> **WORK INSTRUCTIONS**
Could you print the stretch of lines below from the one with "Ready to start" through the one with "Hacer un caldo", exactly as they stand and without any pictures?

> **RECORDS PROVIDED**
*** Block opens ***
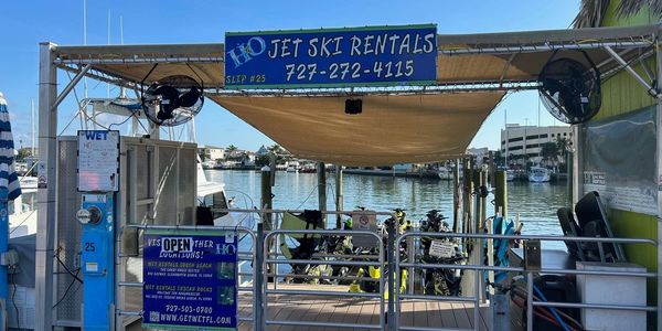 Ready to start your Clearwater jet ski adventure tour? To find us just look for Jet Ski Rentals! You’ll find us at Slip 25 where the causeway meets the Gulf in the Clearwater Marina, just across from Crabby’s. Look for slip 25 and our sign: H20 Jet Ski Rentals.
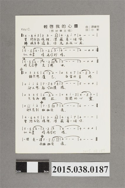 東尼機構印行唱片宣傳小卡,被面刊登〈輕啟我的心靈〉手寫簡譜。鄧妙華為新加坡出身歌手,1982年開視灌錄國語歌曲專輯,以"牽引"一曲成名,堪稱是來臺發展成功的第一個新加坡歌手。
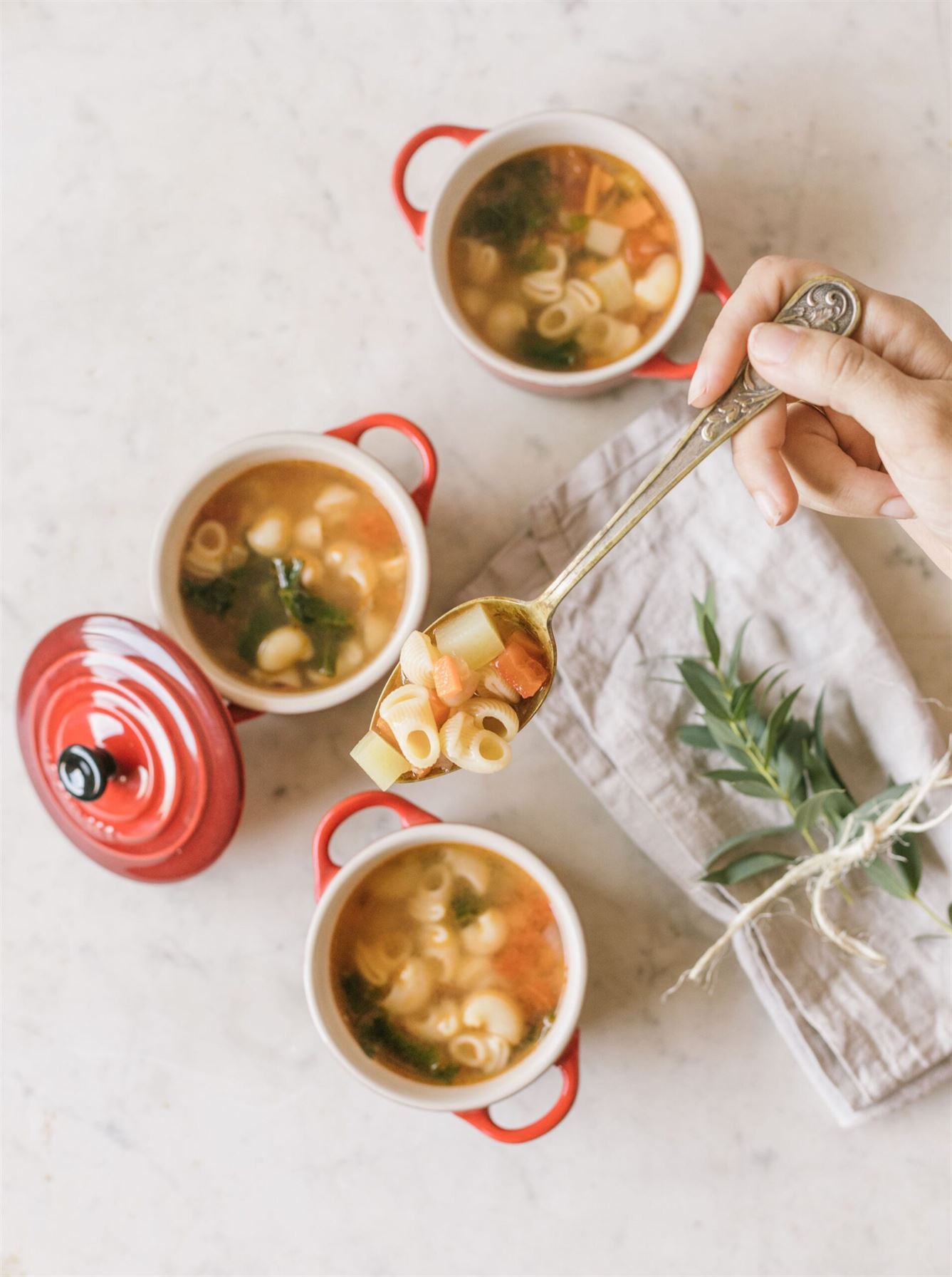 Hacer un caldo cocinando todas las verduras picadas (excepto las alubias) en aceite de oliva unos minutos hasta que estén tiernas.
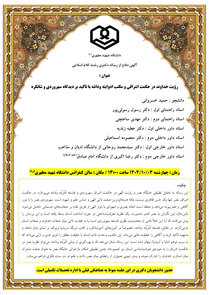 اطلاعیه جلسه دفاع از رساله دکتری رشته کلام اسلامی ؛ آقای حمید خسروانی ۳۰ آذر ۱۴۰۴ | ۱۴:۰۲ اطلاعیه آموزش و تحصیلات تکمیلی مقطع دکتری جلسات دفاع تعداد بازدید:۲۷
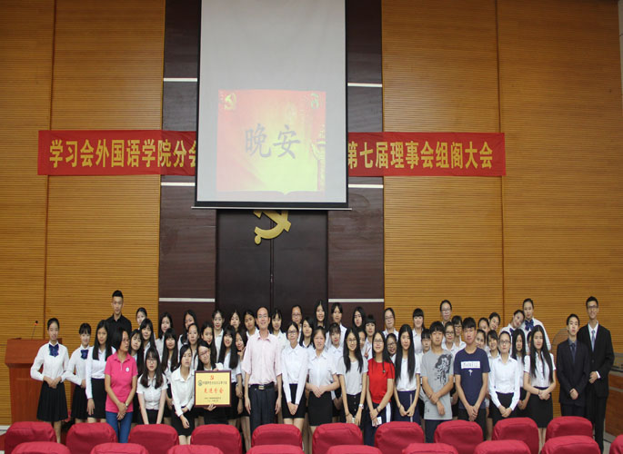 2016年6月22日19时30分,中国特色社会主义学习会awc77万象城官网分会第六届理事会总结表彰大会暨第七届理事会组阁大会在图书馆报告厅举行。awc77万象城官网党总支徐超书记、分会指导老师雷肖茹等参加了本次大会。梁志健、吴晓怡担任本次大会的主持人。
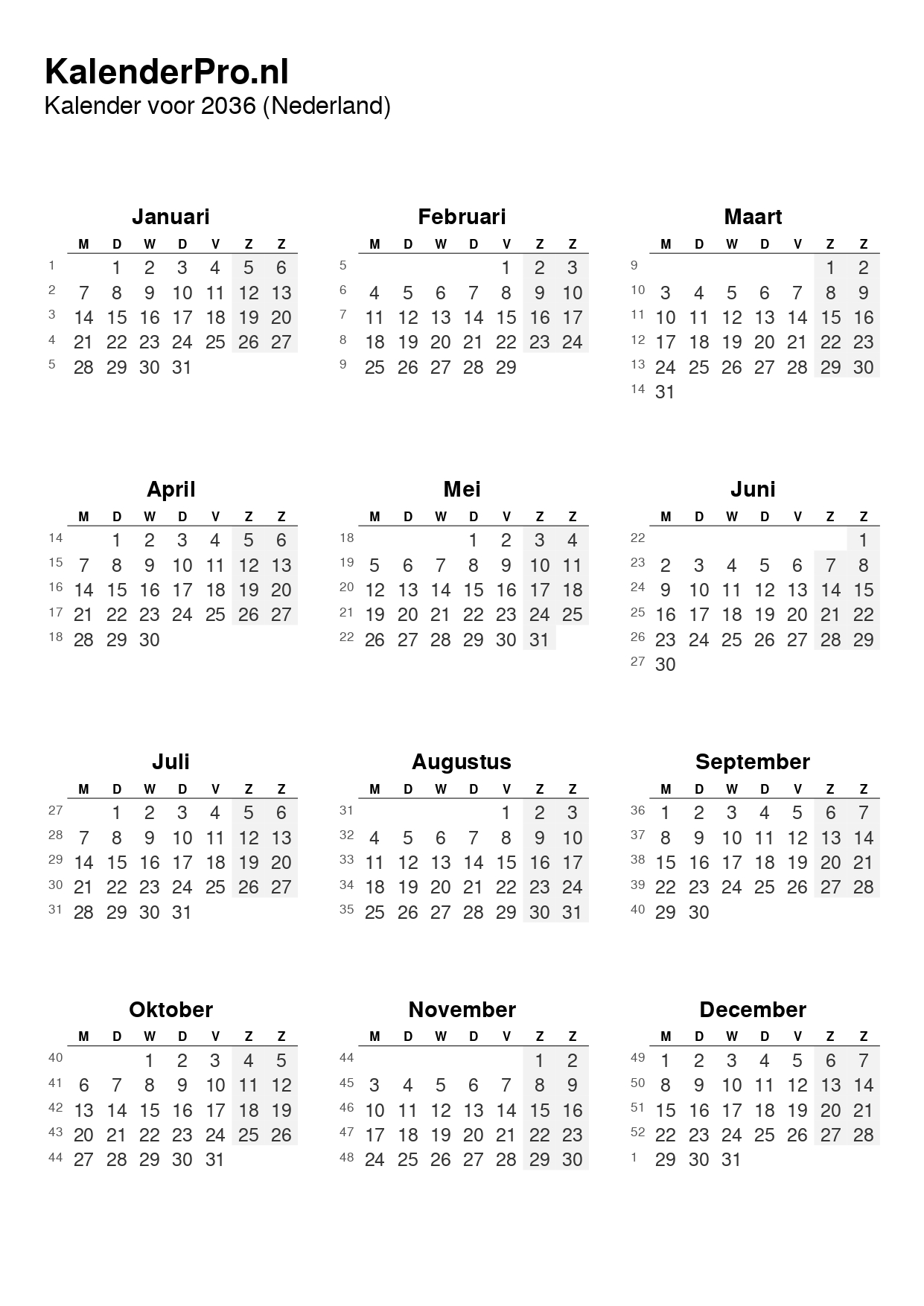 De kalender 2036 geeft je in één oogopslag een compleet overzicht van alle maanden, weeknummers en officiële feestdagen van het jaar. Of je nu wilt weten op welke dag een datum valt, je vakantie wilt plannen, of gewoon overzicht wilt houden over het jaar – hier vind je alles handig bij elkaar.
*** Block closes ***
*** Block opens ***
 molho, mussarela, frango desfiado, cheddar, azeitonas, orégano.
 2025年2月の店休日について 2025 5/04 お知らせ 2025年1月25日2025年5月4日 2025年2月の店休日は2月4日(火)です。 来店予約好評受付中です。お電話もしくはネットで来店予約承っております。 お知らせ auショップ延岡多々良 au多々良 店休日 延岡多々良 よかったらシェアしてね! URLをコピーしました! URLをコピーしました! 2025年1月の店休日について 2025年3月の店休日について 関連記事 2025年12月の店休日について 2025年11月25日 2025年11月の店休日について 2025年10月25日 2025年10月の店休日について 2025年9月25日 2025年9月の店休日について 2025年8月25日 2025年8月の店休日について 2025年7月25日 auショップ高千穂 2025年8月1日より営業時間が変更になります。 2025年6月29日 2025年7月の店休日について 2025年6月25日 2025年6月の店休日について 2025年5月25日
*** Block closes ***
> **SOLUTION**
 Ready to start your Clearwater jet ski adventure tour? To find us just look for Jet Ski Rentals! You’ll find us at Slip 25 where the causeway meets the Gulf in the Clearwater Marina, just across from Crabby’s. Look for slip 25 and our sign: H20 Jet Ski Rentals.
 東尼機構印行唱片宣傳小卡,被面刊登〈輕啟我的心靈〉手寫簡譜。鄧妙華為新加坡出身歌手,1982年開視灌錄國語歌曲專輯,以"牽引"一曲成名,堪稱是來臺發展成功的第一個新加坡歌手。
 Hacer un caldo cocinando todas las verduras picadas (excepto las alubias) en aceite de oliva unos minutos hasta que estén tiernas.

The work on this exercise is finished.